Sent from my SM-G920W8 using Tapatalk


----------



## five.five-six (Apr 9, 2013)

drspec said:


> if you have a neutral theres no issue
> 
> if its a high leg panel just make sure you feed the sub panel with a 240v breaker and not a 120/240v slash rated breaker


No stinger.


----------



## macmikeman (Jan 23, 2007)

Not against code directly unless you imbalance the one leg you don't use. The practice is frowned upon though for single instance jobs, but more or less legal. As stated above, when feeding single phase panels in a multi unit dwelling the phase feeder conductors are rotated around the wye to balance things out evenly and take current off the neutral as much as possible. I've done what you are describing about a half million times. Always passed.


----------



## HackWork (Oct 2, 2009)

backstay said:


> No, not single phase. The two hots are 120 degrees out of phase.


We still have always called it single phase.

When you install a 2-pole breaker in a 3-phase panel, what do you call it, 2-phase? We would say "single phase 208v".


----------



## Going_Commando (Oct 1, 2011)

HackWork said:


> backstay said:
> 
> 
> > No, not single phase. The two hots are 120 degrees out of phase.
> ...


Yup. We call it single phase too, since 2 phase they would be 180 degrees out of phase.


----------



## B-Nabs (Jun 4, 2014)

Going_Commando said:


> Yup. We call it single phase too, since 2 phase they would be 180 degrees out of phase.


As far as I'm concerned, 180 degrees out of phase is single phase. "Two phase" traditionally refers to the now basically obsolete system with two phases that are 90 degrees out of phase. Used for motors before the widespread adoption of three phase. Google Scott T connection.


----------



## backstay (Feb 3, 2011)

HackWork said:


> We still have always called it single phase.
> 
> When you install a 2-pole breaker in a 3-phase panel, what do you call it, 2-phase? We would say "single phase 208v".


He said "get" not call. You "get" two phases and "call" it single phase, I get that.



B-Nabs said:


> As far as I'm concerned, 180 degrees out of phase is single phase. "Two phase" traditionally refers to the now basically obsolete system with two phases that are 90 degrees out of phase. Used for motors before the widespread adoption of three phase. Google Scott T connection.


I don't think the phases change their angles to each other when you run them though a breaker.


----------



## five.five-six (Apr 9, 2013)

I think (hope) we all know it would be 2 phases but we just call it single phase and the load center I am thinking about would be single phase. it's like a 3 way or 4 way switch... there's no such thing but it's what we call them.


----------



## cabletie (Feb 12, 2011)

Maybe I'm not remembering this right, but single phase 120/240 would not have any phase angle between them.
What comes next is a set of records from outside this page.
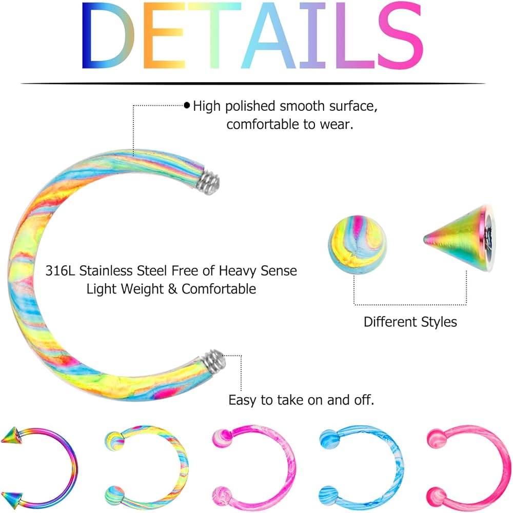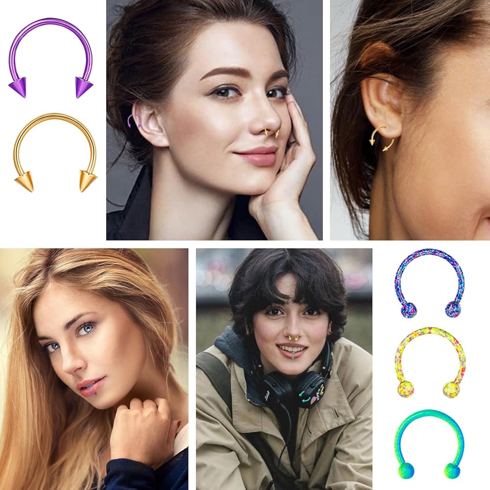 استخدامات متعددة - يمكن ارتداء حلقة الحاجز الأنفية المصنوعة من الستانلس ستيل هذه كحلقة للشفاه للنساء، مجوهرات ثقب الشفاه، مجوهرات ثقب الأنف، أقراط من الستيل الجراحي، أقراط غضروف نصف حلقة، ثقب الأذن، حلقة حلزونية، أقراط زنمة، حلقة أنف بلون زهري نيون، مجوهرات ثقب حلزونية، أقراط على شكل حدوة حصان، مجوهرات حاجز الأنف وغيرها من مجوهرات ثقب الجسم للنساء والرجال.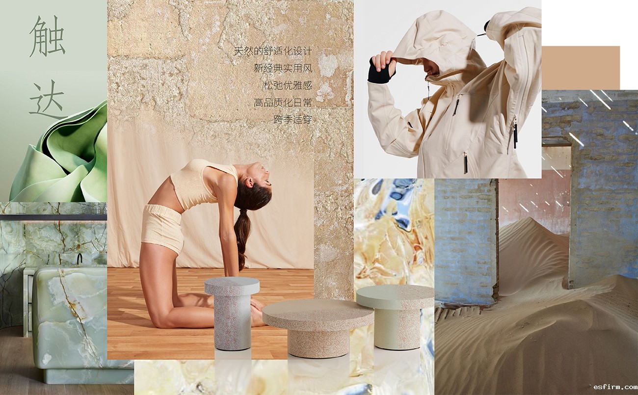 服装 & 材质:简洁浪漫且愉悦身心的色彩与质感营造轻松欢快的跨季节氛围,充满意趣的光泽、肌理和图案细节映射彰显自我的个性化审美。轻盈的光泽防水材料诠释时尚运动风潮,亮泽长丝纱、发光薄膜、胶质感水润表面等,适用于贴身层款式如瑜伽服,或外套类,打造科技感浪漫造型;具有防风雨、保暖、调温、透气等性能的涤纶、尼龙面料,关注环保属性和悦动色彩,打造活力都市、休闲、户外皆宜的跨场景品类;薄透面料如轻盈薄纱和经编科技感网眼针织,隐约的透视感是关键,是重要的跨季和层搭材质;结构紧凑且具有柔糯触感的针织面料带来冬季疗愈感;适度的图案设计丰富产品外观,吸引年轻态消费者。
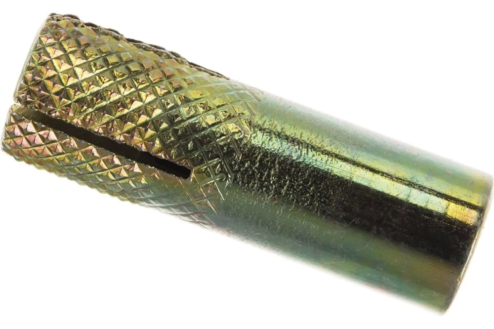 Анкер забивной Хортъ 26671-0 необходим для надежного крепления различных тяжелых конструкций к бетонному или кирпичному основанию. Приспособление выполнено в виде цилиндра с конусообразным клином внутри, оснащенное внутренней метрической резьбой М8. Крепеж изготовлен из оцинкованной стали с желтым электролитическим покрытием. Для установки анкера нужно предварительно просверлить отверстие, соответствующее его размеру.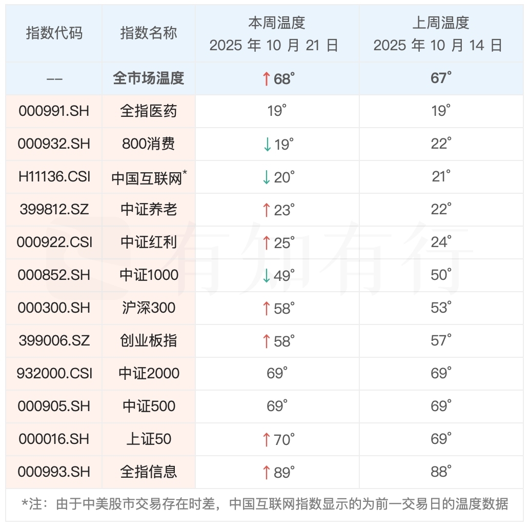 先来看看最近一周的股市表现,从上周三到本周二,A股、港股小幅上涨。中证全指上涨 0.83%,恒生指数上涨2.3%。我们最新的全市场温度小幅提升到 68°。

There is only one phase with a center tap.


----------



## Southeast Power (Jan 18, 2009)

five.five-six said:


> I like this idea except that there is a 110 circuit off the building's UPS in the conduit for a piece of network equiptment out there.


What would be the difference if the single phase 480 and transformer I proposed is in the conduit or the 208 you have now?
I'm thinking that you could decrease your I2r losses going with the 480 and getting it back to 120/240 single please with a small transformer.